In 2009, the chamber contracts again.
After the elevation of thought in transparent volumes, the inquiry returns to enclosure — but now under the governance of time. The room remains architectural, yet its pressure is diurnal. Morning and noon are not depicted as naturalistic intervals; they are conditions of exposure.
In these works, the still life appears displaced within spaces that feel proportionally insufficient. The walls are too near. The ceiling presses downward. The horizon is present yet unreachable. Objects persist, but they occupy environments that do not fully accommodate them.
The inadequacy is not physical — it is existential.

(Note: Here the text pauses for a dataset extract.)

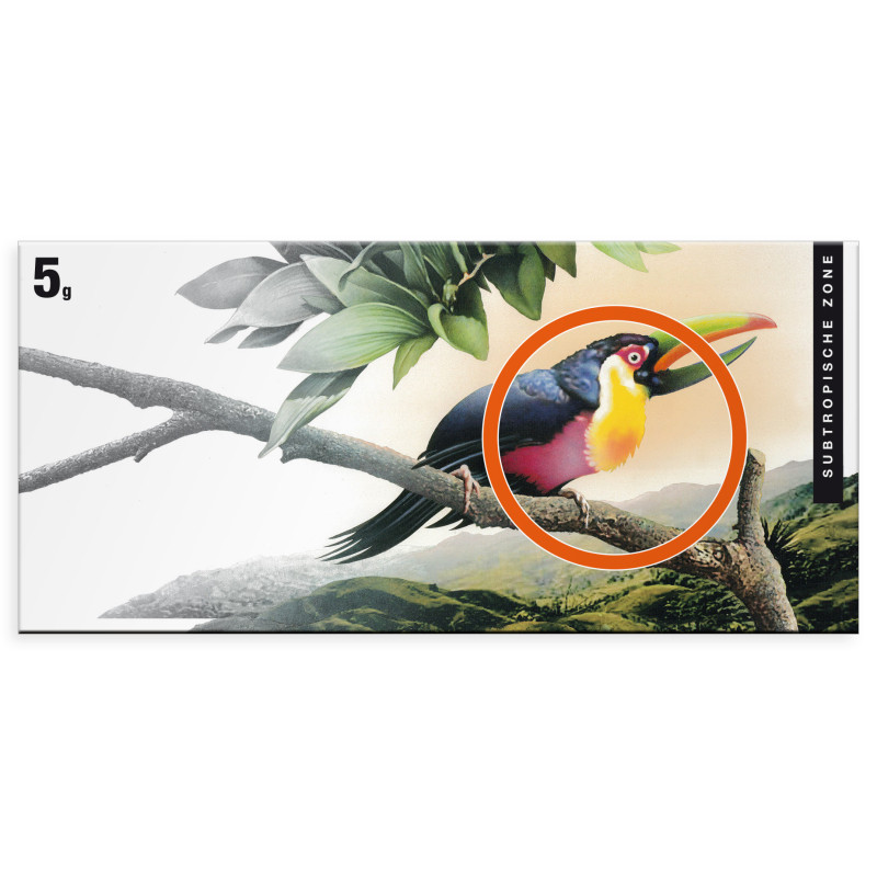 Mit der einzigartigen Flat Bar Serie wird den besonderen subtropischen und tropischen Klimazonen Aufmerksamkeit geschenkt. Die besonderen Ausgaben dieser Serie sind in 5 Gramm reinem (.999) Silber geprägt. Die Flat Bars sind nicht weniger als 15 x 7 cm groß und auf jeder Vorderseite ist in wunderschönen Farben ein Tier oder eine Pflanze abgebildet. Links oben ist das Gewicht „5g“ angegeben und rechts steht die Klimazone.

Light operates as a temporal agent.
Morning carries suspension.
Noon carries confrontation.
If the previous cycle isolated cognition within luminous chambers, this series tests what happens when consciousness must inhabit rooms that cannot expand to contain it.
Italy remains the ground — but here, time becomes architecture.
Representative Works (Selection)
The selected works articulate the diurnal logic of the series.
Il mattino introduces suspension. The interior holds its breath. Light arrives cautiously, shaping the room without resolving it. Objects exist within a space that feels proportionally insufficient, yet not collapsed — a chamber awaiting definition.
Il mezzogiorno intensifies the condition. Noon does not expand the room; it exposes its limits. The architectural enclosure remains firm, but illumination becomes direct, almost confrontational. What was suspended in morning becomes undeniable at midday.
Together, these works establish time not as narrative progression but as structural pressure acting upon the interior.